Monday, August 8, 2011

Structure of a no-go mRNA decay complex bound to a stalled 80S ribosome

A recent work by the Beckmann group (University of Munich, Germany) published in Nature Structural and Molecular Biology describes a sub-nanometer cryo-EM reconstruction of a no-go mRNA decay complex bound to a stalled 80S ribosome. Homology models were manually docked into the density and further refined interactively with MDFF.

Structure of the no-go mRNA decay complex Dom34-Hbs1 bound to a stalled 80S ribosome.
Thomas Becker, Jean-Paul Armache, Alexander Jarasch, Andreas M Anger, Elizabeth Villa, Heidemarie Sieber, Basma Abdel Motaal, Thorsten Mielke, Otto Berninghausen, and Roland Beckmann. Nat. Struct. Mol. Biol., 18, 715-720, 2011.

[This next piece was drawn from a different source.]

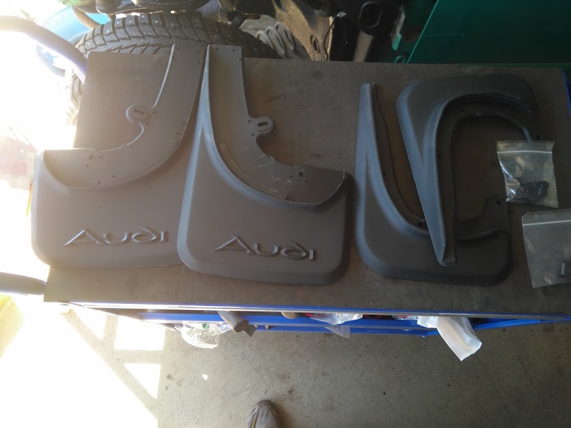 Ai niin, hommasin autoon tehdyt roiskeläpät. Hiukan mallailin paikoilleen ja kerrankin voi sanoa, että nuo todellakin sopii autoon aivan suoraan. Ei tarvitse muuta kuin ruuvata kiinni =)
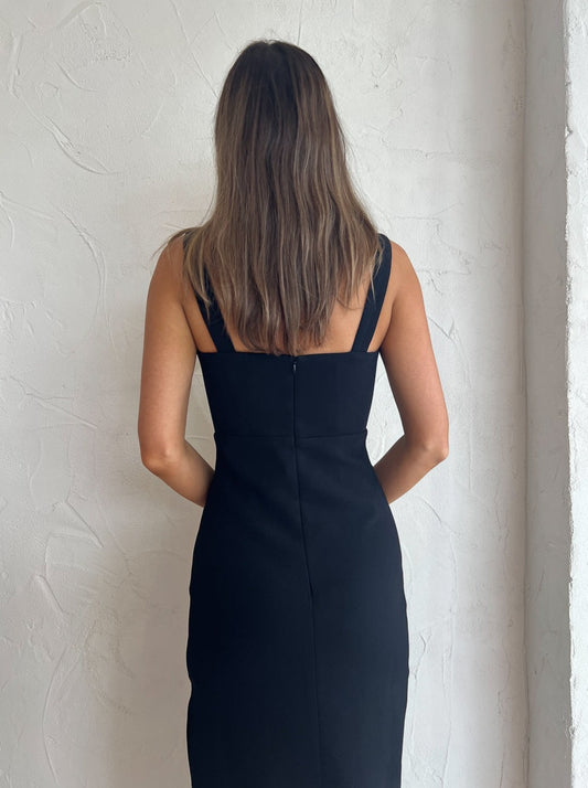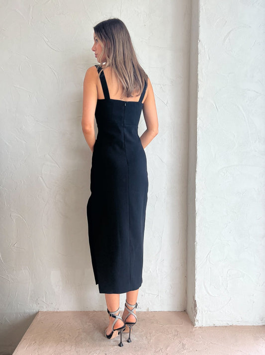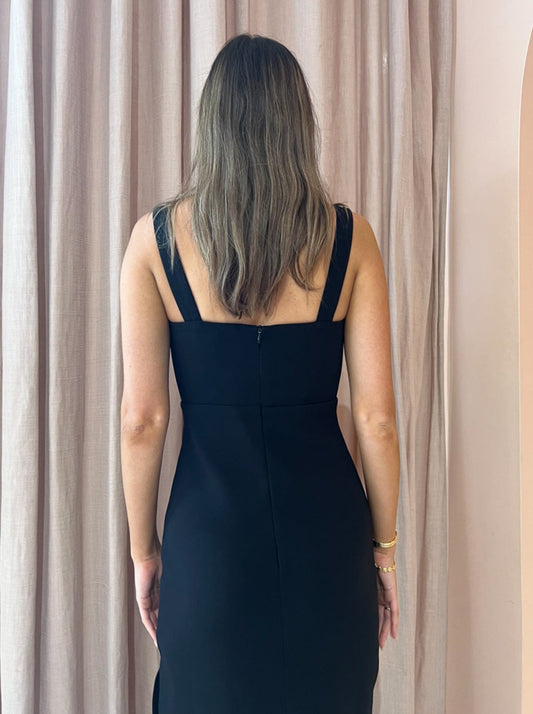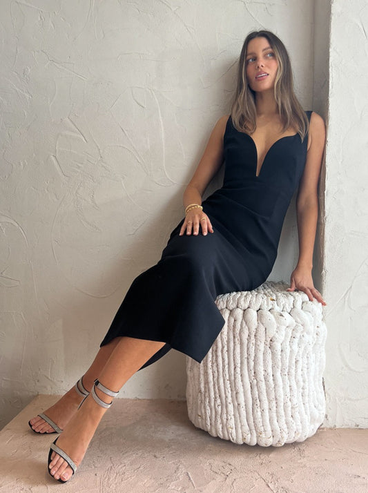 Crafted from a structured crepe fabrication, this full length dress showcases an artistic low cut neckline with internal wiring for additional structure and support.

No-go decay (NGD) is a mRNA quality-control mechanism in eukaryotic cells that leads to degradation of mRNAs stalled during translational elongation. The key factors triggering NGD are Dom34 and Hbs1. We used cryo-EM to visualize NGD intermediates resulting from binding of the Dom34–Hbs1 complex to stalled ribosomes. At subnanometer resolution, all domains of Dom34 and Hbs1 were identified, allowing the docking of crystal structures and homology models. Moreover, the close structural similarity of Dom34 and Hbs1 to eukaryotic release factors (eRFs) enabled us to propose a model for the ribosome-bound eRF1–eRF3 complex. Collectively, our data provide structural insights into how stalled mRNA is recognized on the ribosome and how the eRF complex can simultaneously recognize stop codons and catalyze peptide release.

Monday, August 1, 2011

Correcting and preventing stereochemical errors

A recent publication at BMC Bioinformatics describes two VMD plugins that can be used to detect, visualize, and correct stereochemical errors in macromolecular structures. The plugins can also be used to generate restraints that prevent chirality and peptide bond configuration errors from arising in simulations where high forces are applied, such as MDFF simulations. Use of the plugins is described in the Structure Check Tutorial.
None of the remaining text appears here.